Averaging over dimensions of the dataset
The average over dimensions operation makes use of clisops.core.average
to process the datasets and to set the output type and the output file names.
It is possible to average over none or any number of time, longitude, latitude or level dimensions in the dataset.
[1]:
from clisops.utils import get_file
# fetch files locally or from github
tas_files = get_file([
"cmip5/tas_Amon_HadGEM2-ES_rcp85_r1i1p1_200512-203011.nc",
"cmip5/tas_Amon_HadGEM2-ES_rcp85_r1i1p1_203012-205511.nc",
"cmip5/tas_Amon_HadGEM2-ES_rcp85_r1i1p1_205512-208011.nc",
])
o3_file = get_file("cmip6/o3_Amon_GFDL-ESM4_historical_r1i1p1f1_gr1_185001-194912.nc")

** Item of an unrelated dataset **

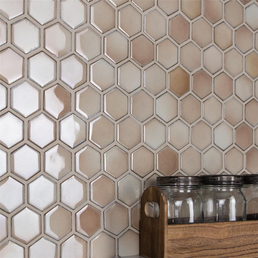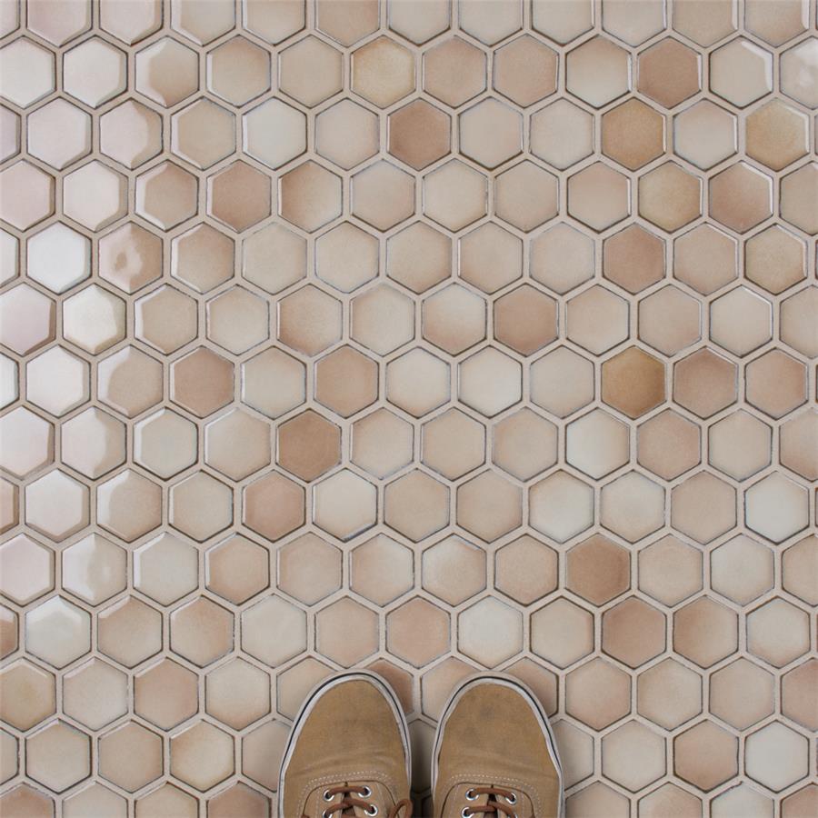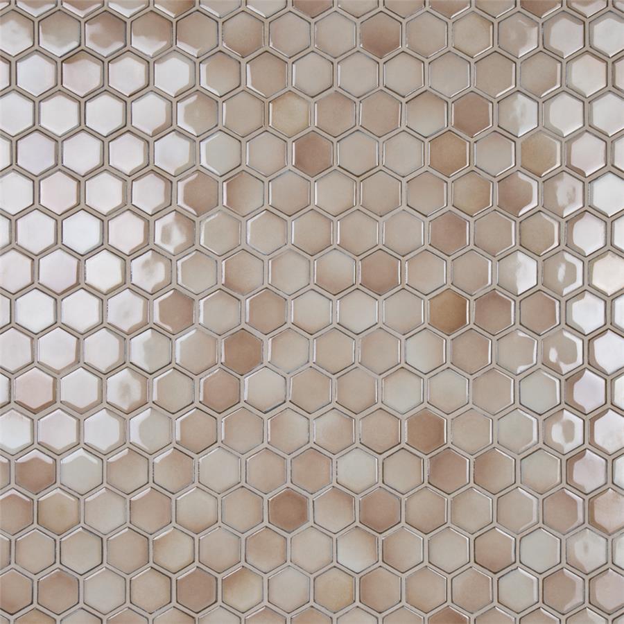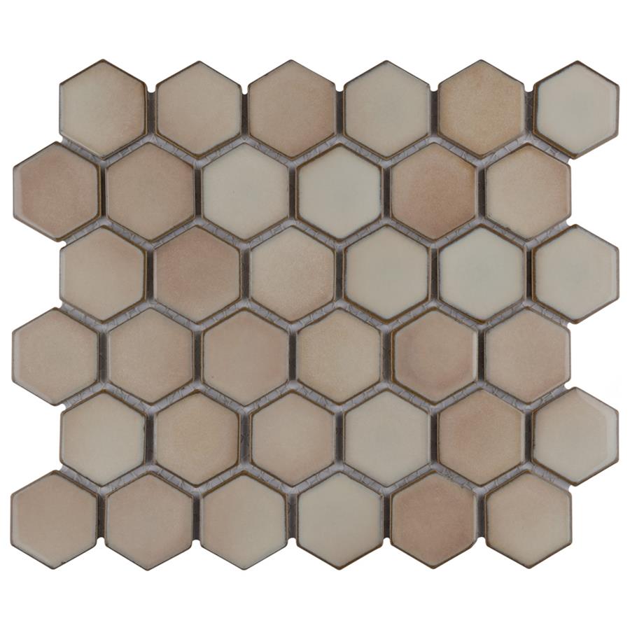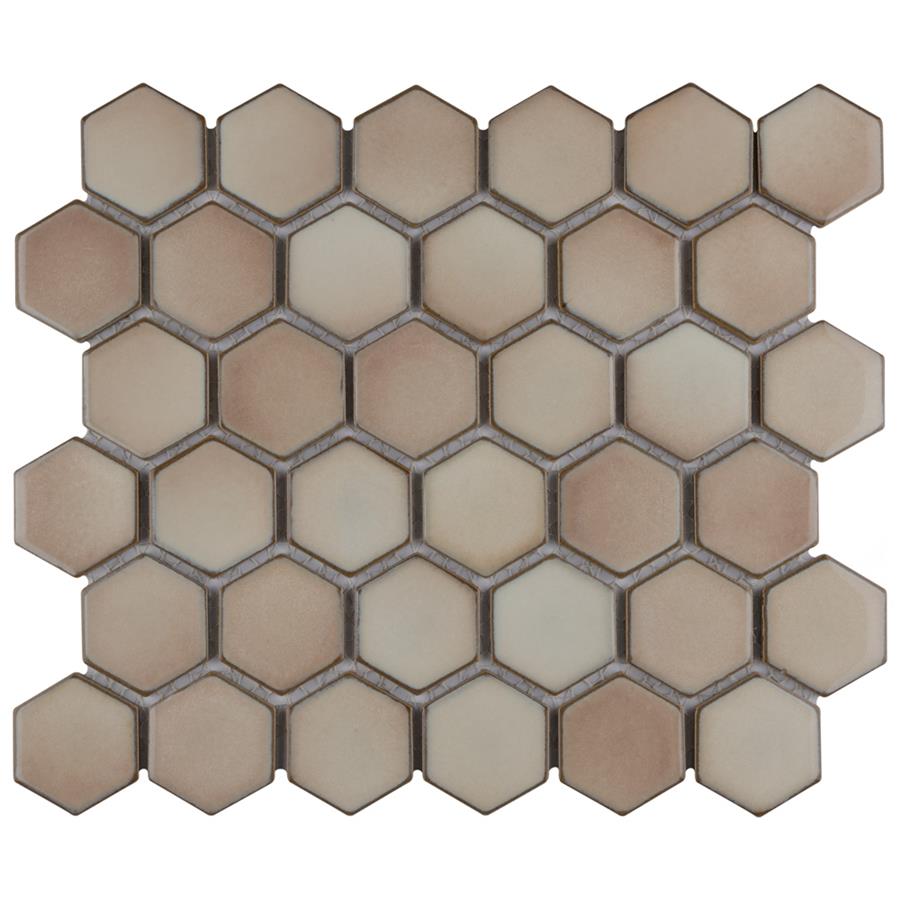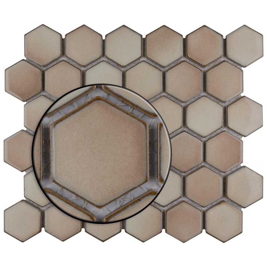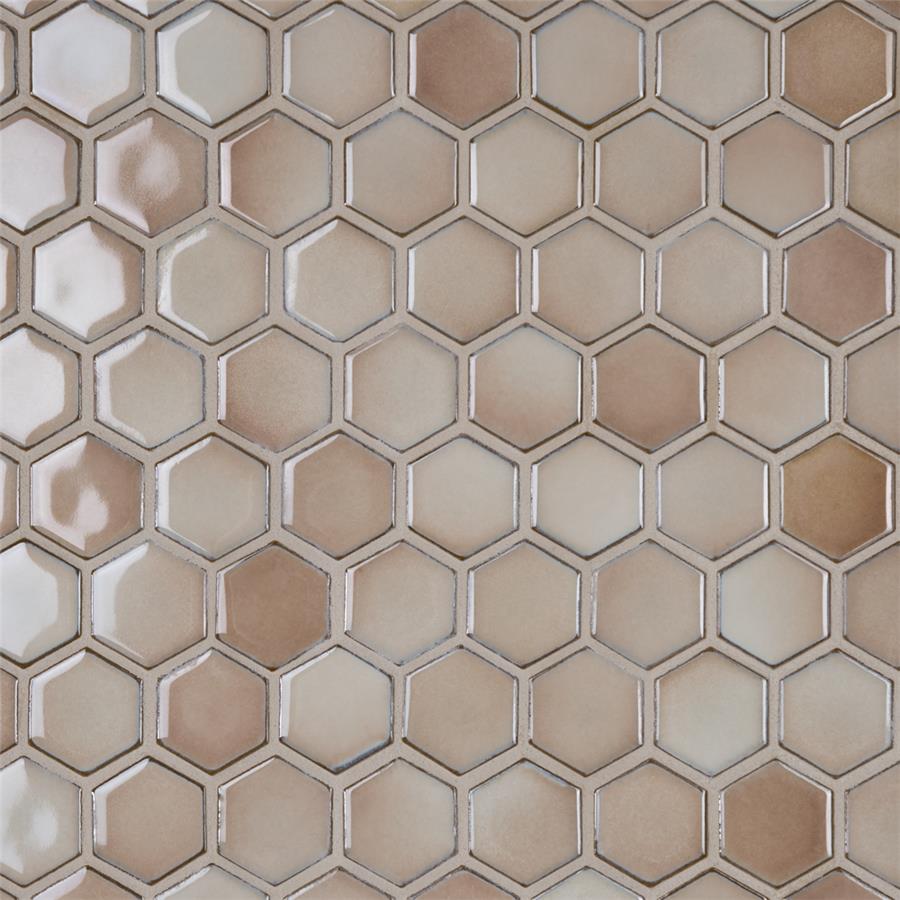 As a modern, enlarged deviation from the classic hexagon mosaic, our Hudson Due Hex 2 in. Truffle 12-1/2 in. x 11-1/4 in. Porcelain Mosaic Floor and Wall Tile instantly elevates spaces through a refreshing dose of geometric design. Featuring a reactive glaze with an eye-drop effect, these tiles have hues of soft beige that blend to taupe around the edges. This porcelain mosaic floor and wall tile creates a uniquely sporadic design through a pleasing mixture of warm-toned tints with additional dimension added by the smooth, high-gloss finish. Its impervious and frost-resistant features make this an ideal choice for both commercial and residential indoor and outdoor floor and wall installations including, kitchen backsplashes, bathroom showers and accent walls. This hexagon mosaic can be used as a whole sheet or cut into smaller strips as an accent piece. It is a perfect choice on its own or coordinated with other colors in our Hudson Due Hex series.Tile is the better choice for your space. This tile is made from natural ingredients, making it a healthy choice as it is free from allergens, VOCs, formaldehyde and PVC.

# remove previously created example file
import os
if os.path.exists("./output_001.nc"):
os.remove("./output_001.nc")
Parameters
Parameters taken by the average_over_dims
are below:
ds: Union[xr.Dataset, str]
dims : Optional[Union[Tuple[str], DimensionParameter]]
The dimensions over which to apply the average. If None, none of the dimensions are averaged over. Dimensions
must be one of ["time", "level", "latitude", "longitude"].
ignore_undetected_dims: bool
If the dimensions specified are not found in the dataset, an Exception will be raised if set to True.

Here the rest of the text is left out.